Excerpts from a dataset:
....................
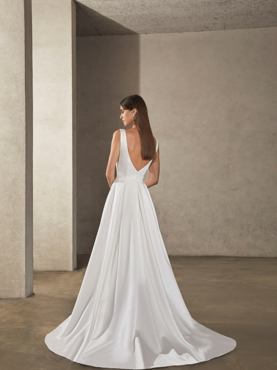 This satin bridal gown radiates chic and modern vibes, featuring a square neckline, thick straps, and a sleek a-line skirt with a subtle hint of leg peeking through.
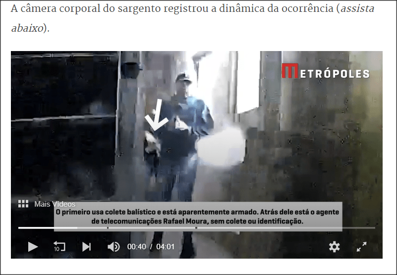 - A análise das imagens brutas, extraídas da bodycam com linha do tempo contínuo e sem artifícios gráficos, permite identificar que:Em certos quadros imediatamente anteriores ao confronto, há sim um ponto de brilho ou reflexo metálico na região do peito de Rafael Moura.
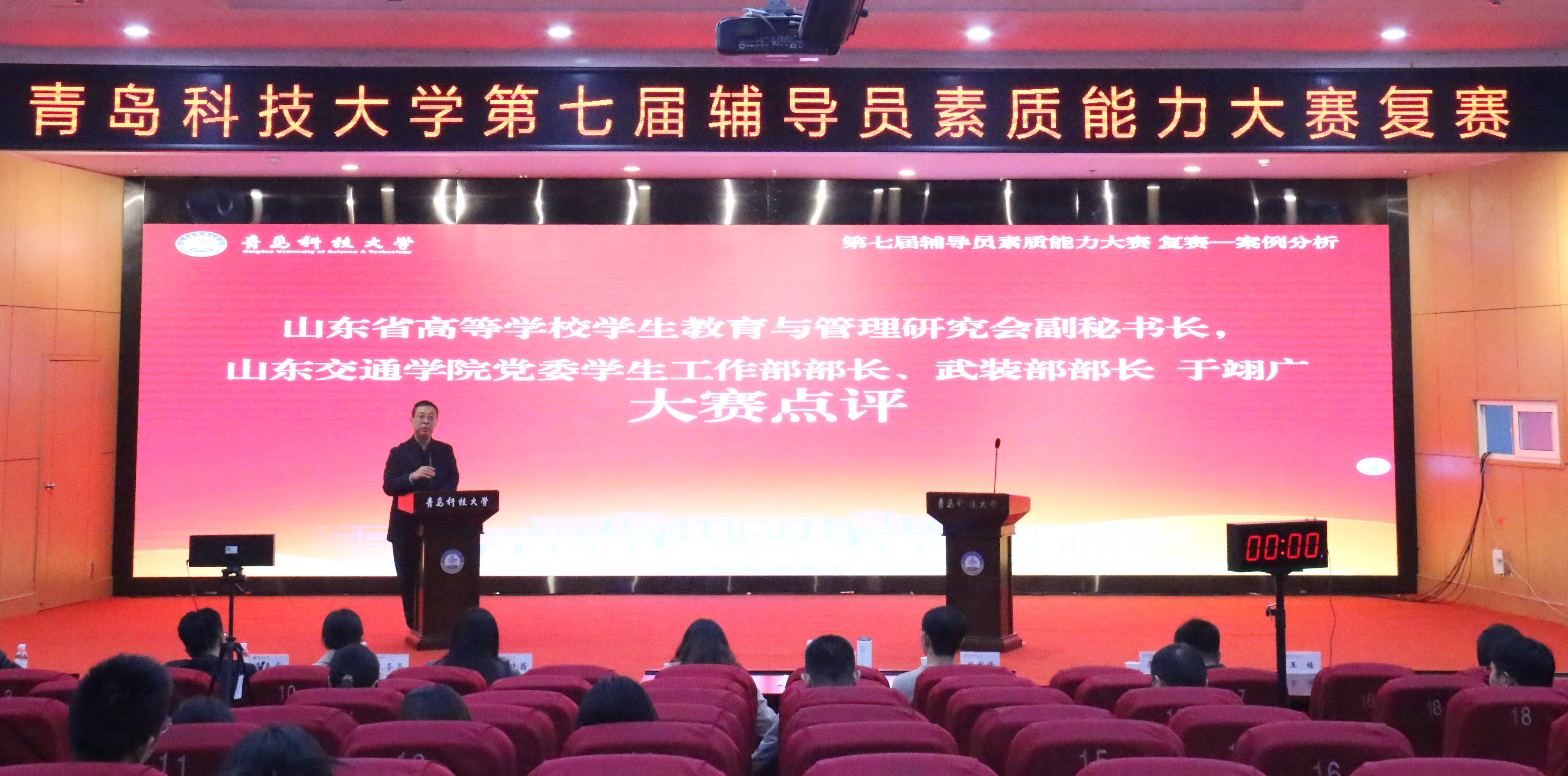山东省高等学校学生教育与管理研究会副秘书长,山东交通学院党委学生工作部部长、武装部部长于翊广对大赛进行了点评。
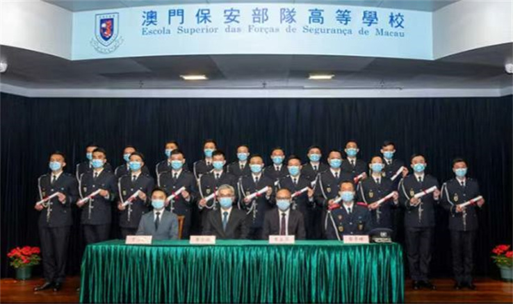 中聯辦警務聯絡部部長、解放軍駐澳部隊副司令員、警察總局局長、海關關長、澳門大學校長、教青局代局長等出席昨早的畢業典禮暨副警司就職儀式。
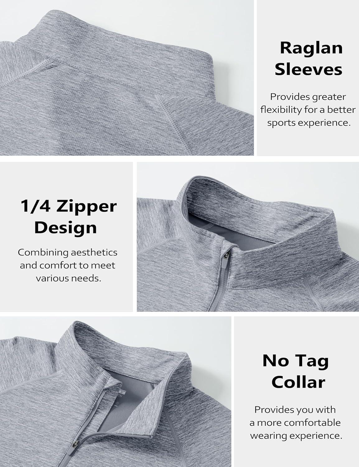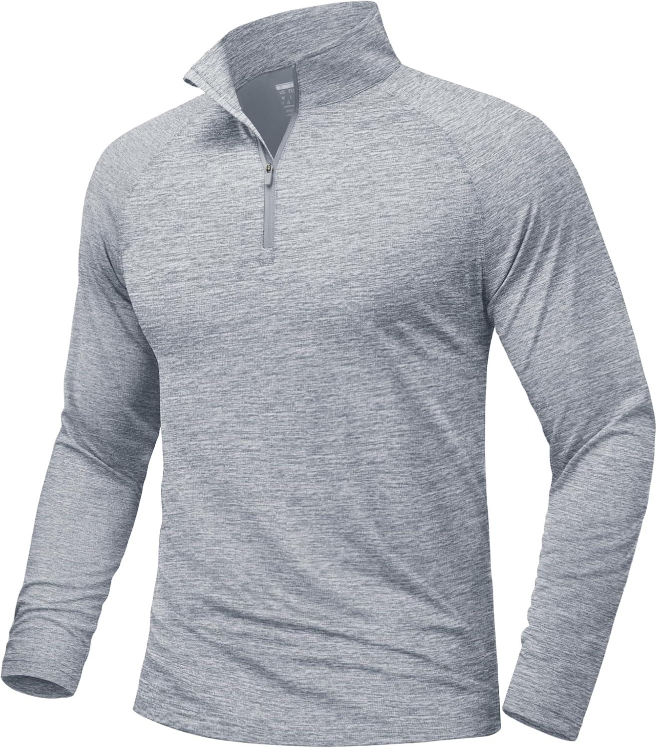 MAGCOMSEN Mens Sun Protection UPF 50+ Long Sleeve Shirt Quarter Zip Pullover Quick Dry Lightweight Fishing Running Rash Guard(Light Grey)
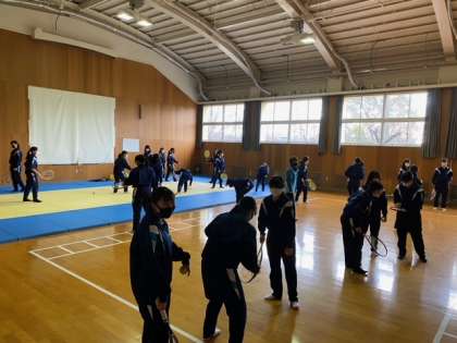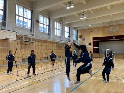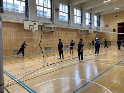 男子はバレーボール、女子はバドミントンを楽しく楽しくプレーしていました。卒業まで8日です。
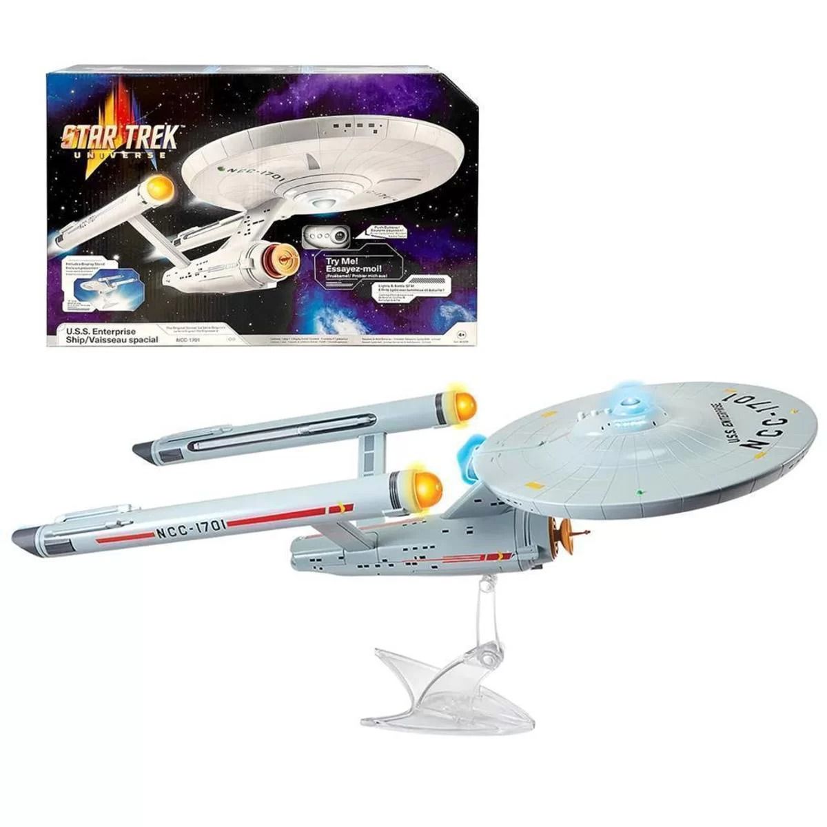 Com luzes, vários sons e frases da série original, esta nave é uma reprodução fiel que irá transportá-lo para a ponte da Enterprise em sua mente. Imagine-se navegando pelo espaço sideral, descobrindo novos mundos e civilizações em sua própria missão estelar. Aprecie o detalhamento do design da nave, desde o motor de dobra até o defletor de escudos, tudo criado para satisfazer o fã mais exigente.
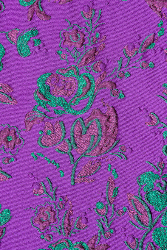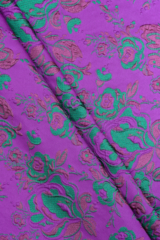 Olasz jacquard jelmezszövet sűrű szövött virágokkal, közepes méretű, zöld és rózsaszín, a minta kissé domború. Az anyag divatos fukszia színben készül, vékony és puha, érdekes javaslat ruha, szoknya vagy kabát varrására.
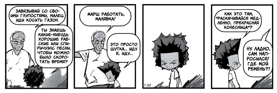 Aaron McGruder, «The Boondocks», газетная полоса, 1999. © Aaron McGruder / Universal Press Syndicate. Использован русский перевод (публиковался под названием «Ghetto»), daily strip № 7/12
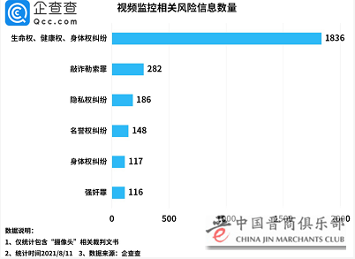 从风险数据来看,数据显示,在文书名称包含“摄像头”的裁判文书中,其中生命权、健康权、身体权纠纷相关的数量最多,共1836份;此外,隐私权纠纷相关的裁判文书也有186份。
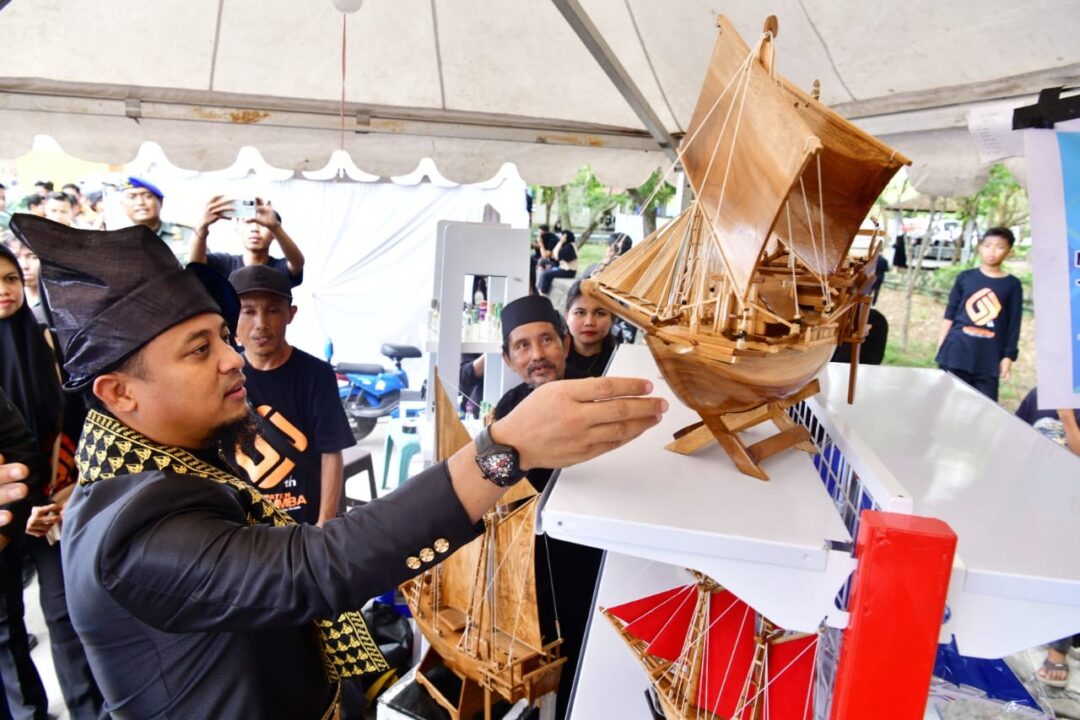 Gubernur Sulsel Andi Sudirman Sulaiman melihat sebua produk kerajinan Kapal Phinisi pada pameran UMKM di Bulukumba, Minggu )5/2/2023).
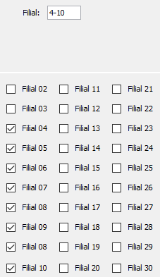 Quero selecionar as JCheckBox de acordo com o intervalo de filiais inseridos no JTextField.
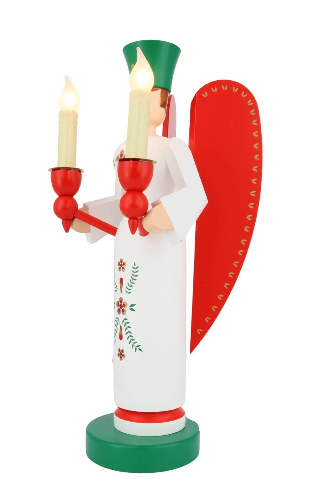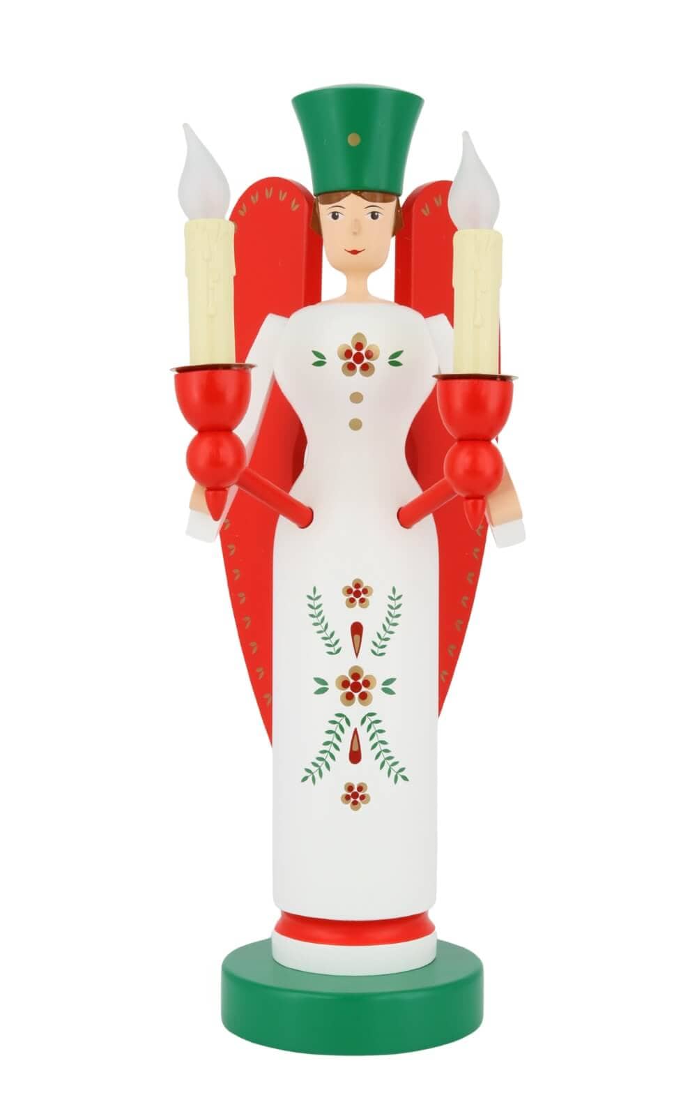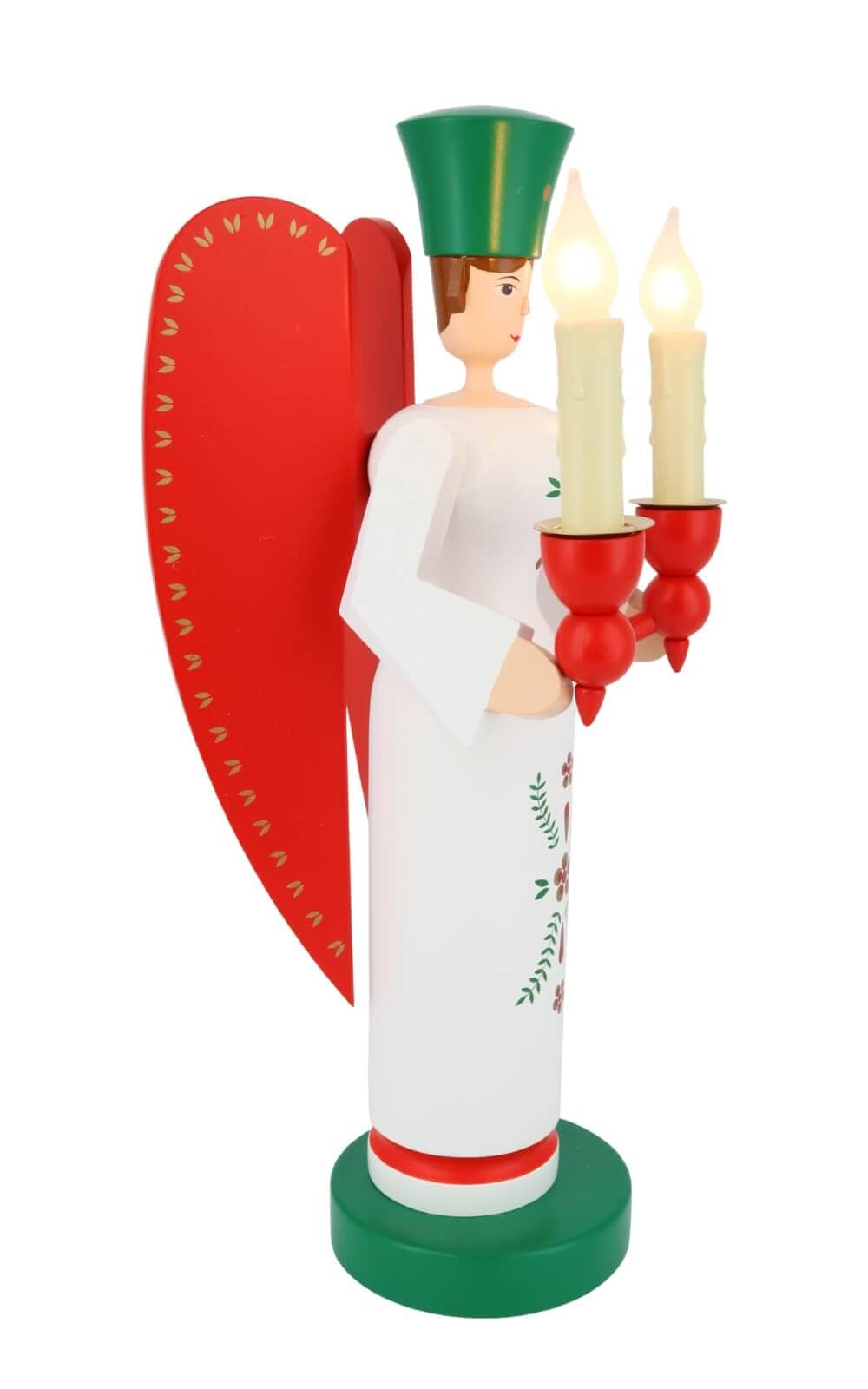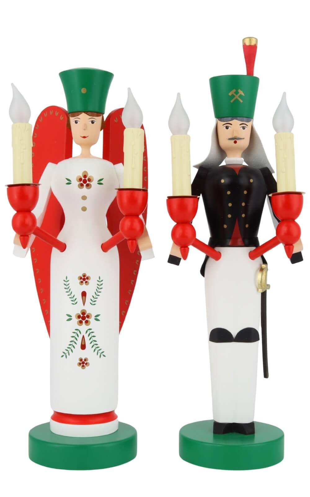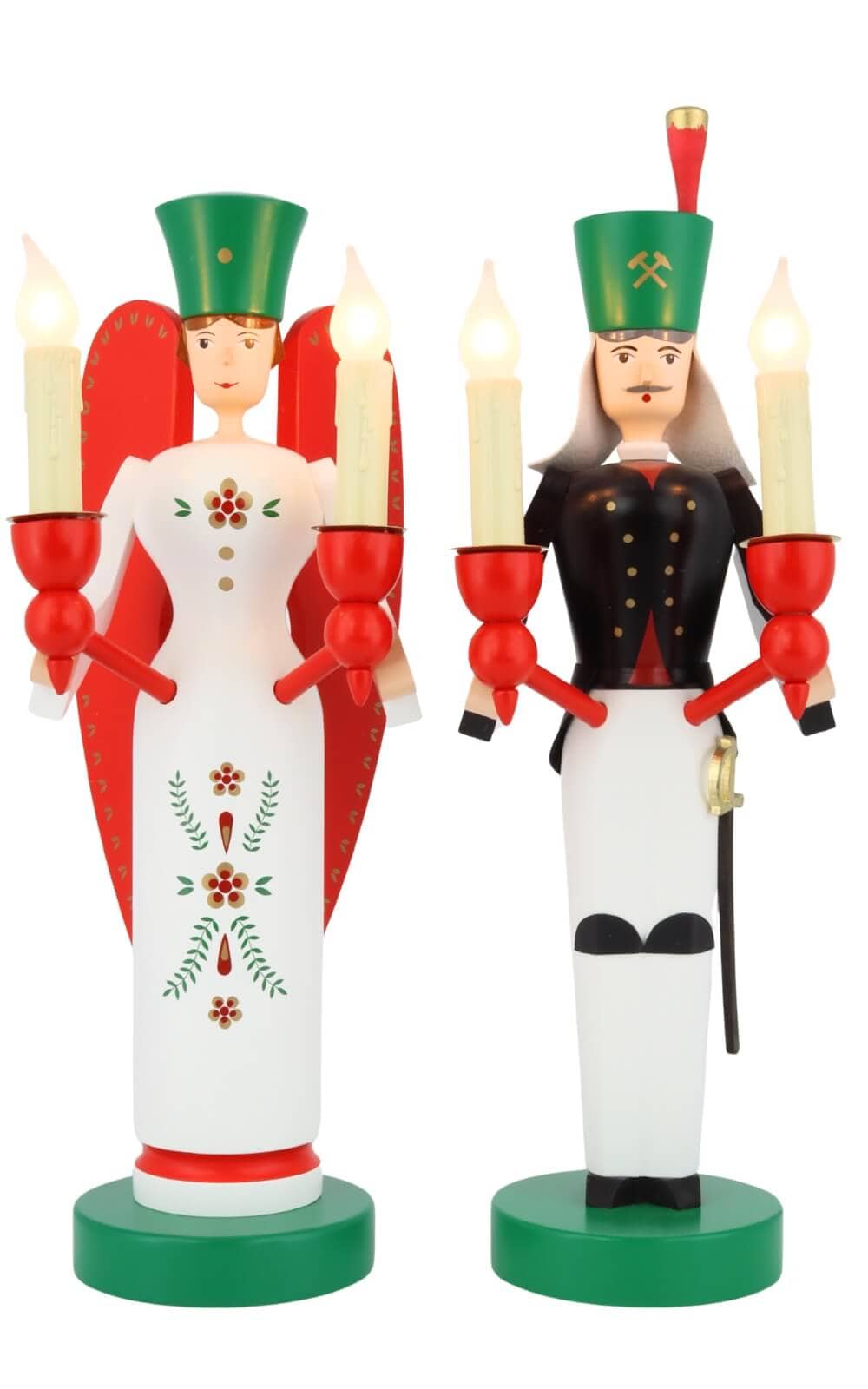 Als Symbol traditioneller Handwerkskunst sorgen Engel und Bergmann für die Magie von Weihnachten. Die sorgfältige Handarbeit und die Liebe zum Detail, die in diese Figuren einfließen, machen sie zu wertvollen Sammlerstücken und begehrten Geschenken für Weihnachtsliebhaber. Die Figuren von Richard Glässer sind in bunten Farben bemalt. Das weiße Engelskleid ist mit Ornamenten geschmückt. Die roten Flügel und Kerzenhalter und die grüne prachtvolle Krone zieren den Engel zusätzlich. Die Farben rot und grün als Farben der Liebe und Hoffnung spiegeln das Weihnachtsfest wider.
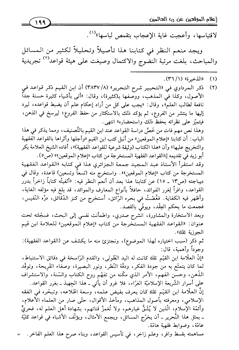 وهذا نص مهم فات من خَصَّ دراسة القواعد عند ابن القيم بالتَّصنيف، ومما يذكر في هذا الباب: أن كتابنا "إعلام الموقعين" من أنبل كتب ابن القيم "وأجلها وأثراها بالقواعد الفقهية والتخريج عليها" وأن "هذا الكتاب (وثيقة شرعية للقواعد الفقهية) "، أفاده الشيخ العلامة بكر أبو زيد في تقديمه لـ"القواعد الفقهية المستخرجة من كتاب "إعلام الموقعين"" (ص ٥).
....................
* Exercise goal
Only the lines from the start of the records through the line containing "Olasz jacquard jelmezszövet" should be repeated, word for word, with the pictures left out.

* Output for this task
 This satin bridal gown radiates chic and modern vibes, featuring a square neckline, thick straps, and a sleek a-line skirt with a subtle hint of leg peeking through.
 - A análise das imagens brutas, extraídas da bodycam com linha do tempo contínuo e sem artifícios gráficos, permite identificar que:Em certos quadros imediatamente anteriores ao confronto, há sim um ponto de brilho ou reflexo metálico na região do peito de Rafael Moura.
山东省高等学校学生教育与管理研究会副秘书长,山东交通学院党委学生工作部部长、武装部部长于翊广对大赛进行了点评。
 中聯辦警務聯絡部部長、解放軍駐澳部隊副司令員、警察總局局長、海關關長、澳門大學校長、教青局代局長等出席昨早的畢業典禮暨副警司就職儀式。
 MAGCOMSEN Mens Sun Protection UPF 50+ Long Sleeve Shirt Quarter Zip Pullover Quick Dry Lightweight Fishing Running Rash Guard(Light Grey)
 男子はバレーボール、女子はバドミントンを楽しく楽しくプレーしていました。卒業まで8日です。
 Com luzes, vários sons e frases da série original, esta nave é uma reprodução fiel que irá transportá-lo para a ponte da Enterprise em sua mente. Imagine-se navegando pelo espaço sideral, descobrindo novos mundos e civilizações em sua própria missão estelar. Aprecie o detalhamento do design da nave, desde o motor de dobra até o defletor de escudos, tudo criado para satisfazer o fã mais exigente.
 Olasz jacquard jelmezszövet sűrű szövött virágokkal, közepes méretű, zöld és rózsaszín, a minta kissé domború. Az anyag divatos fukszia színben készül, vékony és puha, érdekes javaslat ruha, szoknya vagy kabát varrására.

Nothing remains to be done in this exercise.